Oil Analysis
It’s hurricane season and the USA is being battered by weather systems which have already caused multi billion dollars’ worth of damage. The annual tropical cyclone season in the northern hemisphere began in May but usually starts on June 1. It will likely end on November 30, 2021 but started earlier due to the named weather systems that had already started in the Atlantic. They generally start on the West coast of Africa and travel west towards the Gulf of Mexico, Florida, and Caribbean before travelling north towards New York. At the end of August hurricane Ida ripped through the Gulf of Mexico shutting down offshore oil and gas rigs and on land refiners.
To mitigate the disruption caused by these shutdowns, the USA has a Strategic Petroleum Reserve (SPR) which can be used during times of disruption. On the 2nd of September ExxonMobil went to the SPR and requested up to 1.5 million barrels of crude oil. “Our main focus has been to restore fuel production to supply gasoline and diesel needed in the local Louisiana market, and the SPR release is an important step in achieving that goal.” ExxonMobil wrote on their website.

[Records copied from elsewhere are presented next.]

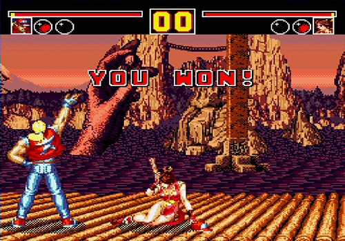 操控方面也比前作完善許多,Neo Geo的四按鈕設計被完整發揮成「弱拳、強拳、弱腳、強腳」,動作判定更明確、反應更靈活。每四場便會出現的加分挑戰關卡延續初代傳統,用擊碎石柱的方式讓玩家在激烈戰鬥中獲得喘息節奏。角色之間也不再是固定對戰排列,而是以全角色循環挑戰的方式進行,甚至可以碰上自己的分身,並附帶額外的對白與顏色設定,開啟後來 SNK 各作品慣用的「2P 顏色」傳統。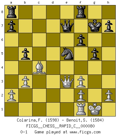 Last move : 0-1 2010 February 11 8:31:1 [Event "FICGS__CHESS__RAPID_C__000080"] [Site "FICGS"] [Date "2009.12.19"] [Round "1"] [White "Colarina,Floram"] [Black "Benoit,Sebastien"] [Result "0-1"] [WhiteElo "1598"] [BlackElo "1584"] 1.d4 Nf6 2.c4 c5 3.e3 g6 4.Nc3 Bg7 5.Nf3 O-O 6.Bd3 cxd4 7.exd4 d5 8.O-O Nc6 9.b3 dxc4 10.Bxc4 Bg4 11.d5 Nxd5 12.Nxd5 Bxa1 13.Bh6 Bg7 14.Bxg7 Kxg7 15.Qa1+ f6 16.Nf4 Qd6 17.Qc1 g5 18.Nd5 Bxf3 19.gxf3 Ne5 20.Qe3 b5 21.Nxe7 Qxe7 0-1 This chess game has been lost on time (started : 2009.12.19 12:37:56) Benoni defense Kingside Castling by player Black (move 5) Kingside Castling by player White (move 8) Player Black won this chess game. Follow this game move after move (download)Up to this point White has been following well-known analysis. But now he makes a fatal error: he begins to use his own head. (Siegbert Tarrasch) Wenn Du nicht kämpfst, um anderen etwas zu beweisen, sondern nur für Dich selbst, dann bist du fast unbesiegbar. (Garry Kasparov) Si un gobernante no entiende al Ajedrez, ¿como puede governar él un reinado?. (El Rey Khusros II) Les Cavaliers se révèlent fort utiles dans les positions fermées. D'habitude, les Fous sont un peu plus forts que les Cavaliers dans les positions ouvertes. Qu'on le veuille ou non, il restera toujours des exceptions ! Luck is when opportunity knocks and you answer. (Anonymous)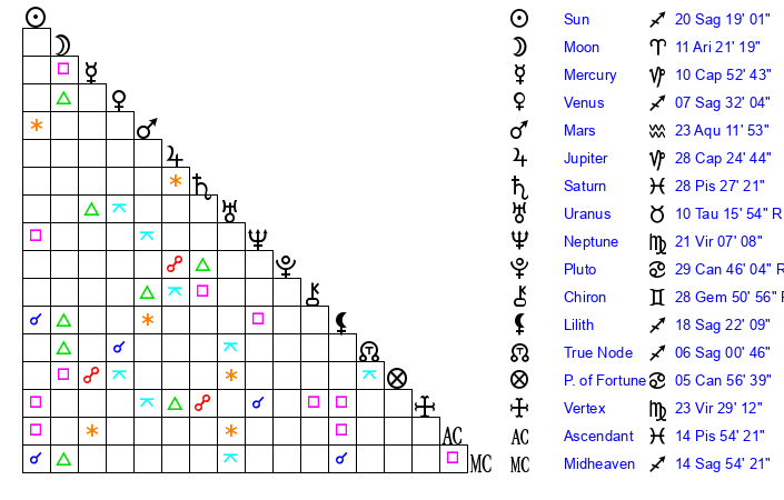 | Sun | 20 Sagittarius 19 | 20 Sagittarius 58 | 19 Pisces 30 |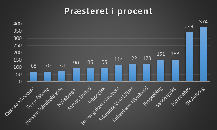 Der er seks klubber som præsterer over evne. Først og fremmest EH Aalborg og Bjerrignbro som får meget for pengene. Men for begge gælder også det betyder placering i den tunge ende med fare for nedrykning!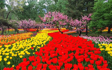 桃花園:建于1983年,占地面積4.2公頃,截止到2014年末,已收集展示觀賞桃花60余個品種5000余株,是世界上收集觀賞桃花品種最多的專類園。桃花園的觀賞桃花,從樹型上分有直枝桃類、帚桃類、壽星桃和垂枝桃類。從花型上看有單瓣型、梅花型、月季型、牡丹型和菊花型。主要品種有白花山碧桃、碧桃、絳桃、緋桃、紫葉桃、二色桃、人面桃、垂枝桃、壽星桃、灑金桃、菊花桃等品種。桃花花期自四月初一直開到五月初。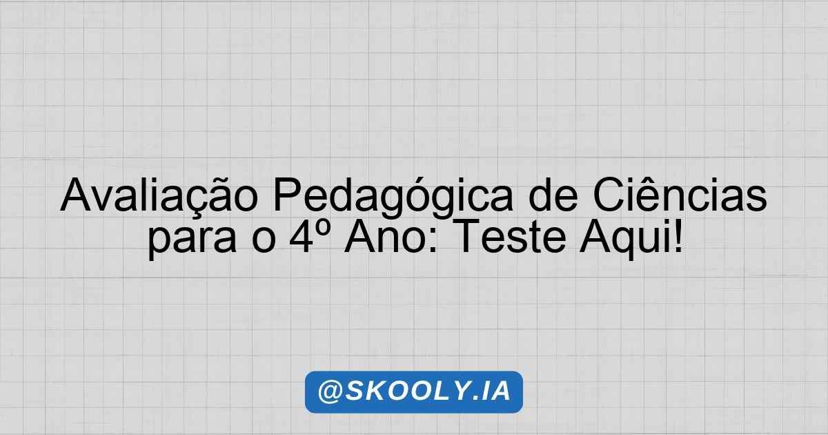 Avaliação Pedagógica de Ciências para o 4º Ano: Teste Aqui!

The crude inventory report from the Energy Information Agency (EIA) showed that in the prior week to September 3rd there had been a crude oil draw of 1.5 million barrels from the SPR and that the reserves stood at 423.9 million barrels which is down about 6% below the 5-year average. By the 6th of September 80% of oil output in the Gulf of Mexico was still offline and it will take months to work out the true cost of the damage caused to the oil industry and residents within the hurricanes path when it made landfall.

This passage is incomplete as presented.